* Task to complete
Exactly reproduce the lines of the listing below from the one containing "За добросовестный долголетний" through the one containing "シンクからはブラシは入りませ". Skip the images.

┌─ Supplied data

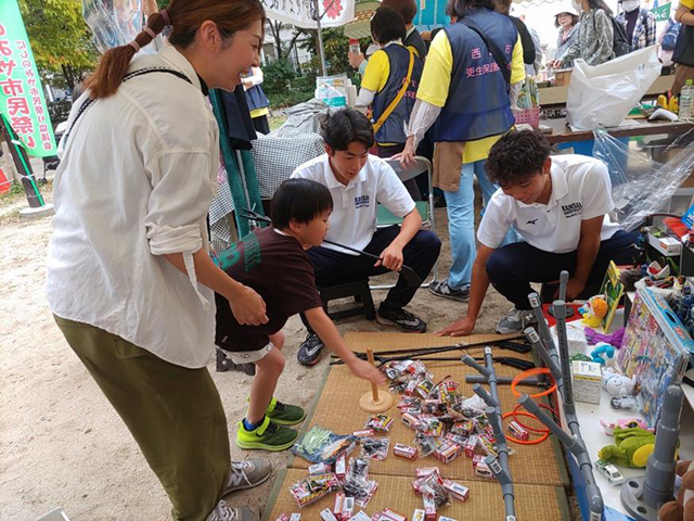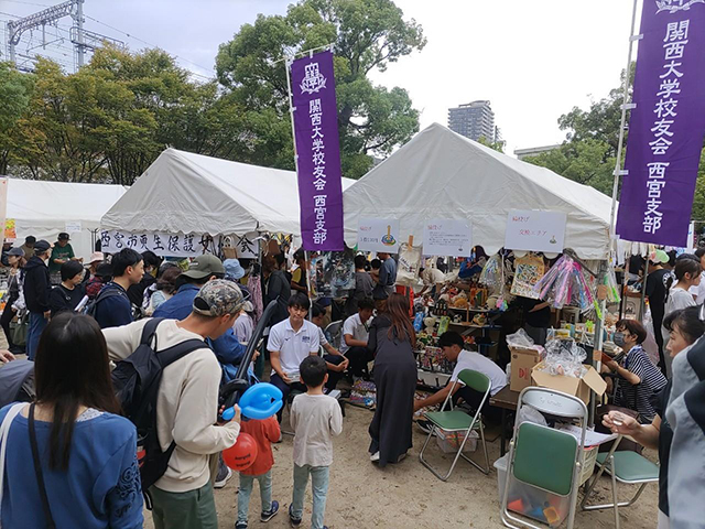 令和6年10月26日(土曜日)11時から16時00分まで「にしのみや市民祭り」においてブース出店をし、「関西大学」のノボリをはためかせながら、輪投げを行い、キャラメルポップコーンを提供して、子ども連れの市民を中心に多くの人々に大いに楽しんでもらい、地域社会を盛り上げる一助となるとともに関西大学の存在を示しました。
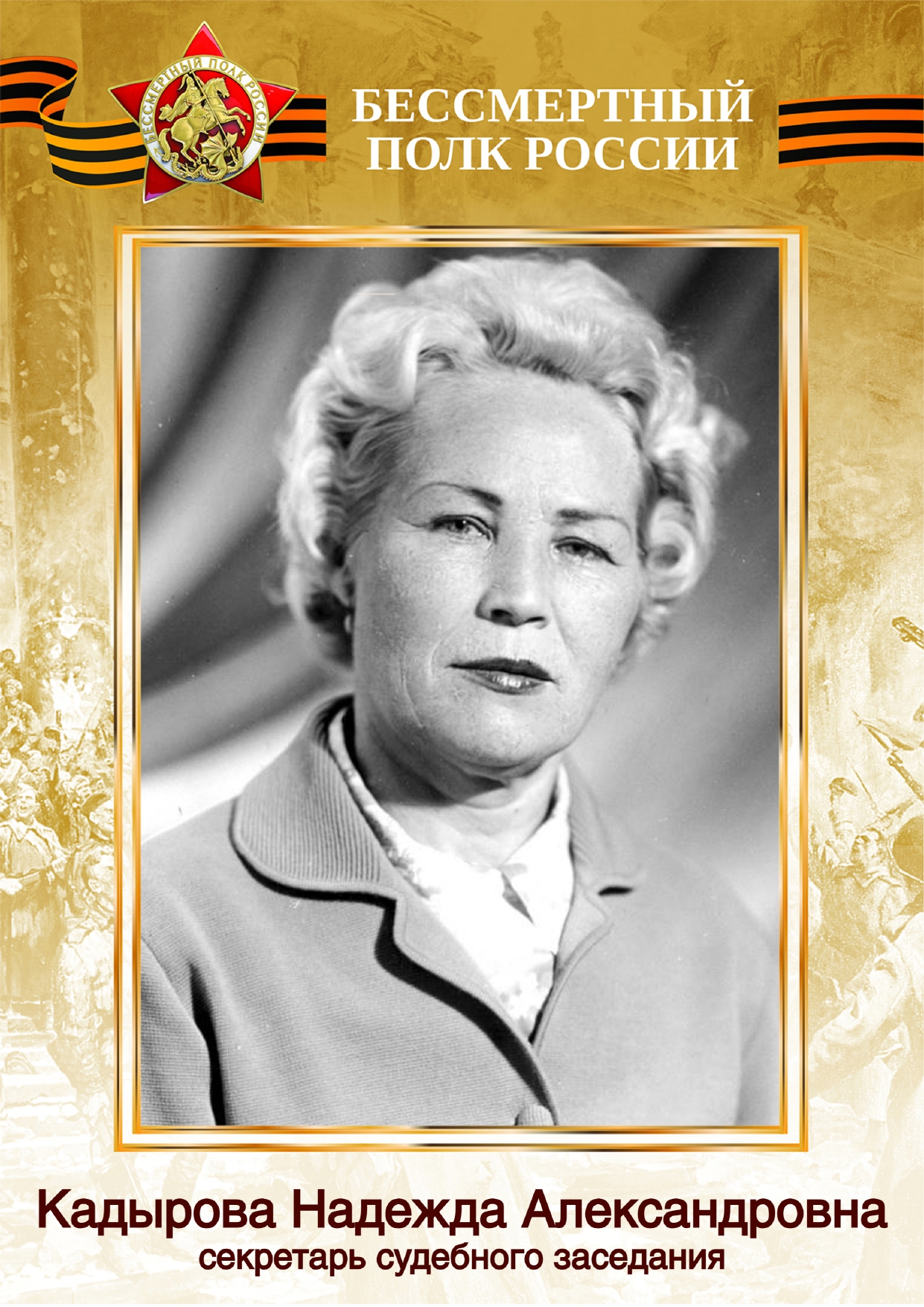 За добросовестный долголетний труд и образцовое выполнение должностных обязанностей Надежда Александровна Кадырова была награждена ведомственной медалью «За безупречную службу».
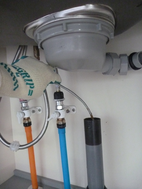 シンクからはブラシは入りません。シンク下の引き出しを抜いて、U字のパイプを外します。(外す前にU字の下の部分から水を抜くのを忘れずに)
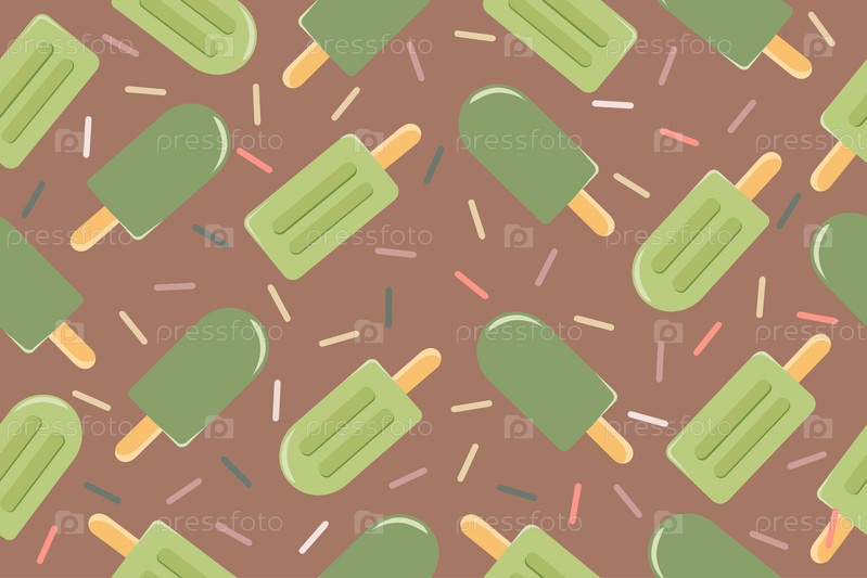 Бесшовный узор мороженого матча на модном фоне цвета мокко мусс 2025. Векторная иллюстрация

└─

* Written response
 За добросовестный долголетний труд и образцовое выполнение должностных обязанностей Надежда Александровна Кадырова была награждена ведомственной медалью «За безупречную службу».
 シンクからはブラシは入りません。シンク下の引き出しを抜いて、U字のパイプを外します。(外す前にU字の下の部分から水を抜くのを忘れずに)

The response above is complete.